Polished Concrete Floors – Making Procedure and Benefits



Polished concrete floor surface is made by a mechanical process of grinding and polishing with the help of a penetrant chemical to provide different texture. The polishing of concrete is a multi-step process which requires specialized tools and equipment.
The chemical penetrant employed for polishing is called as hardener. The construction process, features and the benefits of making polished concrete are explained below.

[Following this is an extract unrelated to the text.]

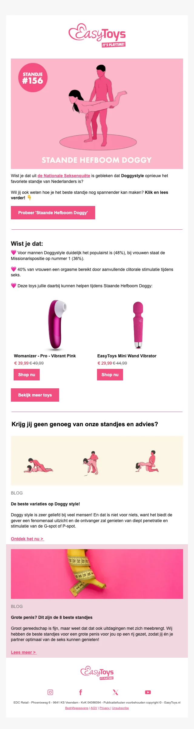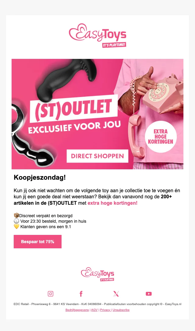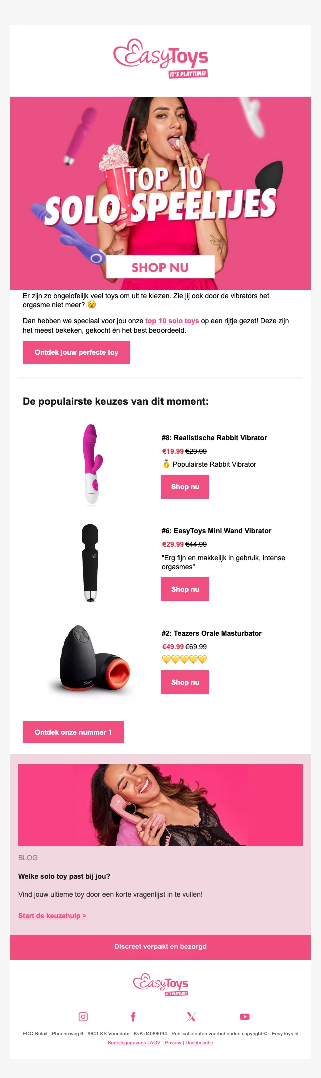 Bij EasyToys vind je de spannendste speeltjes voor volwassenen. In de sale geniet je deze maand van hoge kortingen die oplopen tot wel 35%. Verwen jezelf of een ander met een nieuwe vibrator, dildo, buttplug of kunstvagina. Voor degenen die zich graag helemaal overgeven of een ander willen domineren zijn er verleidelijke bondage producten en sexy zweepjes. Kortom: wacht niet te lang en neem gauw even een kijkje bij de webwinkel.

How to Make Polished Concrete?

The property of polished concrete is obtained through a surface effect. There are several ways to bring this surface effect of polished finished look. Whatever be the method chosen, the basic approach is the same.
Polished Concrete Floor
Fig.1.Polished Concrete Floor; Image Courtesy: Gardening Landscaping Ideas

1. Grinding Process

For polishing concrete surfaces, machines that are equipped with diamond segmented abrasives is employed. These machines help to grind down the concrete surfaces till the desired shine and smoothness is achieved.
Surface Preparation of Concrete for Polishing by Grinding
Fig.2. Surface Preparation of Concrete for Polishing by Grinding; Image Courtesy: Werk Master
As the grinding process proceeds, the coarser grit moves to finer-grits. Grits here is defined as the particle size of the diamond. Most of the concrete grinding process starts from a value less than 100. The machines available in the market have grinding discs with different grits.

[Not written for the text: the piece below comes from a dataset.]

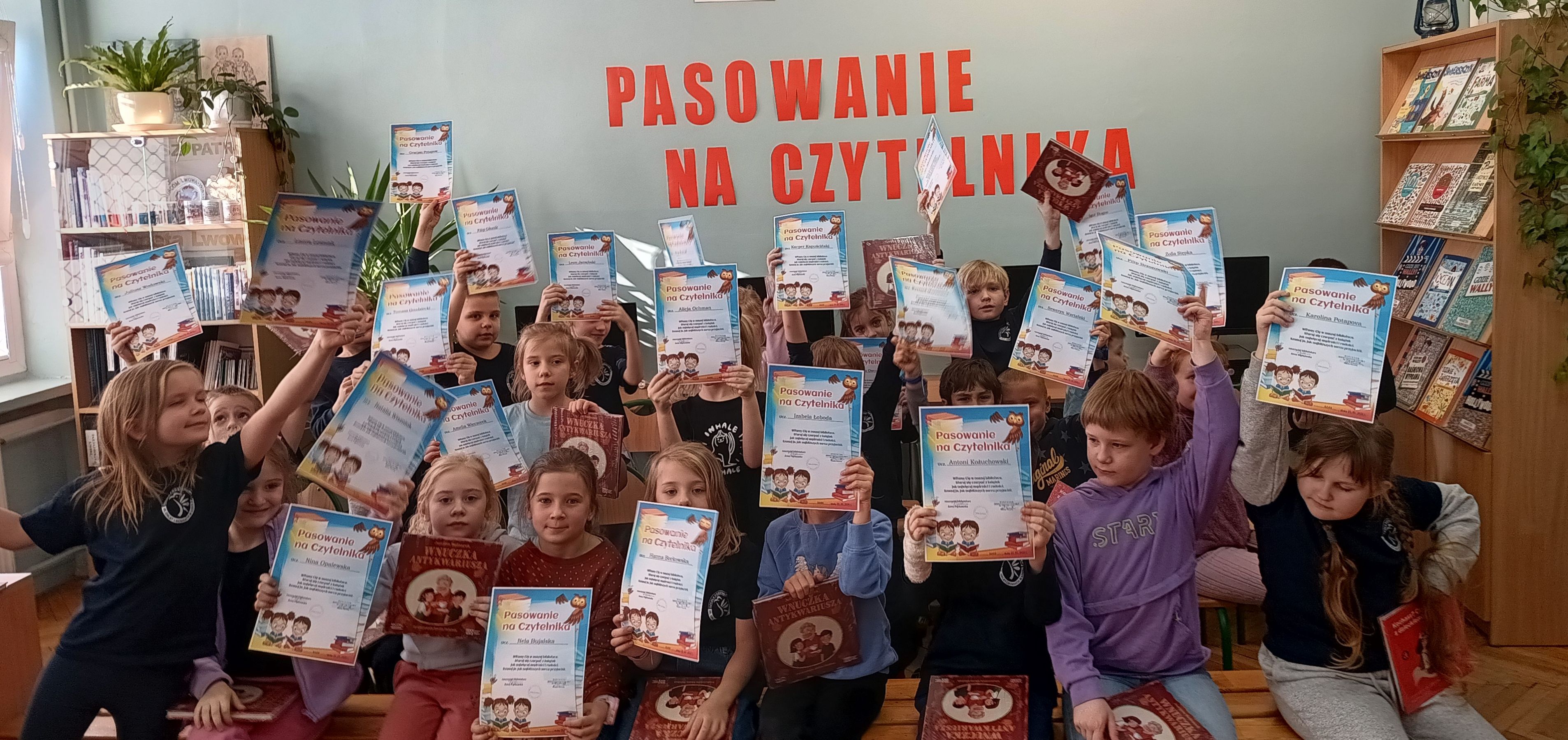 Pasowanie na czytelnika to oficjalne przyjęcie uczniów klas pierwszych do grona użytkowników biblioteki. Podczas spotkania dzieci wykazały się wzorową znajomością zasad obowiązujących w bibliotece, doskonale wiedziały, jak należy dbać o książki, a także z entuzjazmem rozwiązywały zagadki sprawdzające znajomość bohaterów baśni i bajek. Zwieńczeniem uroczystości było uroczyste przyrzeczenie czytelnika składane przez uczniów klas I. Dzieci głośno i z powagą powtarzały tekst przysięgi odczytany przez Panią Książkę, obiecując szanować książki, korzystać z ich mądrości oraz sumiennie wypełniać obowiązki czytelnika.

2. Concrete Polishing Methods

The concrete can be polished by two methods, namely:
  1. Wet Method
  2. Dry Method

1. Wet Method of Polishing Concrete

In the wet method of polishing concrete, during the grinding process, water is used to cool the diamond abrasives. This hence reduces the amount of dust created during the polishing process. The water used in wet polishing method helps to reduce the friction. This water also acts as a lubricant, thus increasing the life of the polishing abrasives.
Wet Method of Polishing Concrete
Fig.3. Wet Method of Polishing Concrete; Image Courtesy: Runyon Surface Prep
As water is used throughout the process, a huge amount of slurry is formed. This creates difficulty in cleaning and disposal.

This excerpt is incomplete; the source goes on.